Mango v Ondiek (Civil Appeal 436 of 2019) [2022] KEHC 16178 (KLR) (Civ) (9 December 2022) (Judgment)

Mango v Ondiek (Civil Appeal 436 of 2019) [2022] KEHC 16178 (KLR) (Civ) (9 December 2022) (Judgment)

1.The respondent herein, being the landlord and decree holder, instituted a claim against the appellant being the tenant and judgment debtor before the Chief Magistrate’s Court and sought for the adoption of the orders issued by the Rent Restriction Tribunal (“the tribunal”) arising out of Rent Restriction Tribunal Case No 769 of 2015 for payment of the decretal sum of Kshs 135,000/= being arrears in rent, and which adoption was done on September 26, 2018.
2.Subsequently, a notice to show cause was issued by the trial court on July 2, 2019 requiring the appellant to show cause as to why she should not be committed to civil jail for failing to pay the sum of Kshs 141,450/= being the balance of the decretal sum together with interest and cost of execution.
3.Upon hearing the parties on the notice to show cause, the trial court ordered that the appellant be committed to civil jail for a period of three (3) months in the event that she does not pay the abovementioned decretal sum forthwith.
4.Being aggrieved by the aforementioned ruling and order, the appellant sought to challenge the same by way of an appeal. Through her memorandum of appeal dated July 30, 2019 the appellant put in the following grounds:i.That the learned trial magistrate erred in law and in fact in committing the appellant to civil jail for not paying a money decree in breach of the provisions of section 38 of the Civil Procedure Act.ii.That the learned trial magistrate erred in law and in fact in not considering that the appellant was not personally served with the notice to show cause for her appearance in court on the July 15, 2019.iii.That the learned trial magistrate erred in law in not considering that no proof of service of the decree in issue on the appellant was filed and no demands for the amounts had been shown or produced before the court to show that there is refusal to pay.iv.That the learned trial magistrate erred in law and in fact in not considering the threshold set by the Civil Procedure Act 2012 in matters concerning money decrees in particular:a.The learned magistrate neglected and/or failed to make due inquiries and satisfy herself as to the appellant’s ability to pay.b.The learned magistrate neglected and/or failed to make due inquiries as to whether the appellant has tried to leave the jurisdiction of the honourable court and/or tried to hide any assets from the honourable court.c.No affidavit of service nor a return of warrants had been filed before the learned magistrate to inform her conclusion on how the appellant was before the court.v.That the learned trial magistrate erred in law and in fact in disregarding the statements of the appellant as to her financial inability to pay and lack of knowledge of the matter before her.vi.That the learned trial magistrate erred in law in not considering that no attempt had been made by the respondent to execute in any other manner before resorting to committal to civil jail.vii.That the learned trial magistrate erred in law and in fact in not appreciating that committal to civil jail is a mode of last resort.
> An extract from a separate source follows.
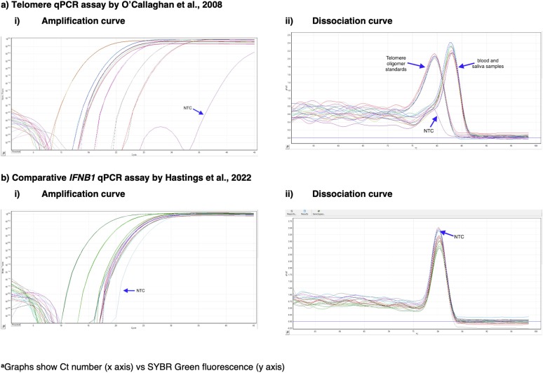 圖2. 使用沒有添加質粒(pBR322)的三步PCR方案進行的遺傳分析。a)端粒qPCR檢測方法,b)比較IFNB1 qPCR檢測方法。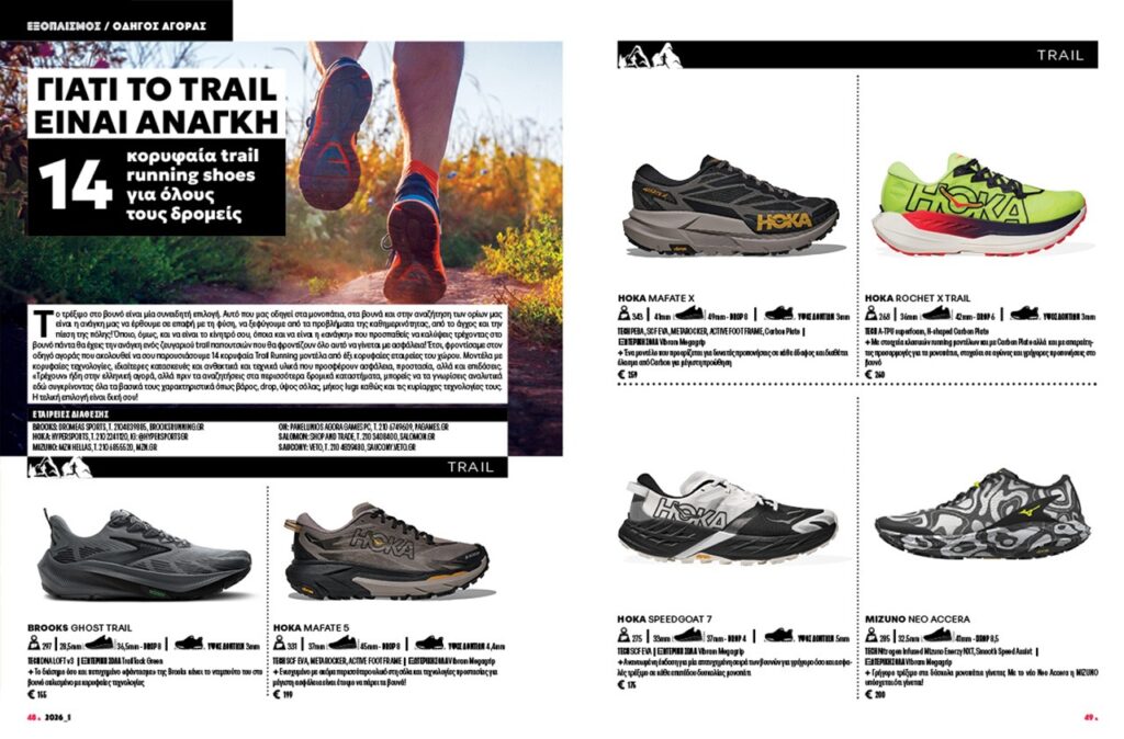Και επειδή είμαστε σίγουροι ότι όταν διαβάσεις το παραπάνω άρθρο θα θέλεις να το κάνεις πράξη εμείς φροντίζουμε να σε ενημερώνουμε και για τα κατάλληλα… εργαλεία. Στο οδηγό αγοράς του τεύχους σου παρουσιάζουμε 14 κορυφαία μοντέλα trail running για να επιλέξεις ανάλογα με τις ανάγκες σου και τους στόχους σου.

5.This court gave directions on the filing of written submissions on the appeal. From the record, it is apparent that the respondent did not participate in the appeal or file written submissions.
6.The appellant vide her submissions dated September 16, 2022 argues that the trial court acted in breach of the provisions of section 38 of the Civil Procedure Act which list down the procedure for execution, by not making inquiries as to the appellant’s ability to pay the decretal sum, citing the case of Beatrice Wanjiku & another v Attorney General & another [2012] eKLR in which the court reasoned that:An analysis of the provisions of section 38 of the Civil Procedure Act and the order 22 of the Rules and their application demonstrates the following:a)The process of arrest and detention is not arbitrary. The debtor is given an opportunity to show cause before an order is made by a judicial officer.b)The judgment-creditor can only be committed to civil jail once it is demonstrated that he or she has refused or neglected to pay, is about to abscond or is intent on obstructing or delaying execution of the decree.c)The burden of proof rests on the judgment-creditor to show prove the elements that are necessary for the arrest and committal of the judgment-debtor.d)That arrest and committal is the last resort after other modes of execution have failed.e)There is a right of appeal against the decision of ordering arrest and committal.”
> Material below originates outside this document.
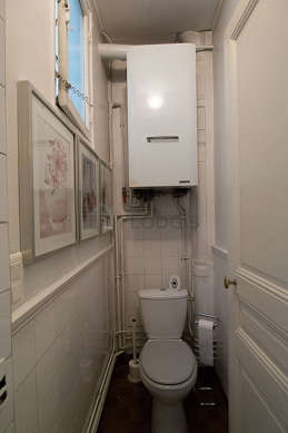 Cet appartement est équipé d'une salle de bain agréable et claire avec des fenêtres. Cette salle d'eau bénéficie du nécessaire pour votre bien-être au quotidien : serviettes de bain, etagère, douche séparée. Les toilettes sont intégrées dans la salle de bain.

7.The appellant further argues that no proof of service of the notice to show cause upon her had been tendered by the respondent and that this is a factor which the trial court ought to have taken into account before ordering for her committal to civil jail and cites the case of Solomon Muriithi Gitandu & another v Jared Maingi Mburu [2017] eKLR where the court stated that service of a notice to show cause prior to the arrest of a judgment debtor is imperative.
8.It is the submission by the appellant that the trial court ought to have appreciated the fact that the respondent had not made any attempts to execute the decree using other means before ordering for her committal to civil jail.
9.For the above reasons, the appellant urges this court to allow the appeal and to grant the consequent orders sought therein.
10.I have considered the appellant’s submissions and authorities cited on appeal. I have likewise re-evaluated the material placed before the trial court. It is clear that the appeal fundamentally lies against the trial court’s decision ordering for the appellant’s committal to civil jail upon failure to settle the decretal sum. I will therefore deal with the grounds of appeal contemporaneously under the following limbs.
11.The first limb of the appeal concerns itself with whether the learned trial magistrate considered the issue of service of the notice to show cause and the decree issued by the tribunal and adopted as an order of the trial court.
12.In her arguments made before the trial court, the appellant stated that she had no prior knowledge of the claim before the tribunal. However, there is nothing to indicate that the issue of service was raised before the learned trial magistrate and was therefore not an issue for consideration and determination at the trial.
13.That notwithstanding, upon my study of the material on record, I note that the proceedings before the tribunal proceeded ex parte and that the judgment was entered in default of appearance and defence by the appellant, on October 19, 2015.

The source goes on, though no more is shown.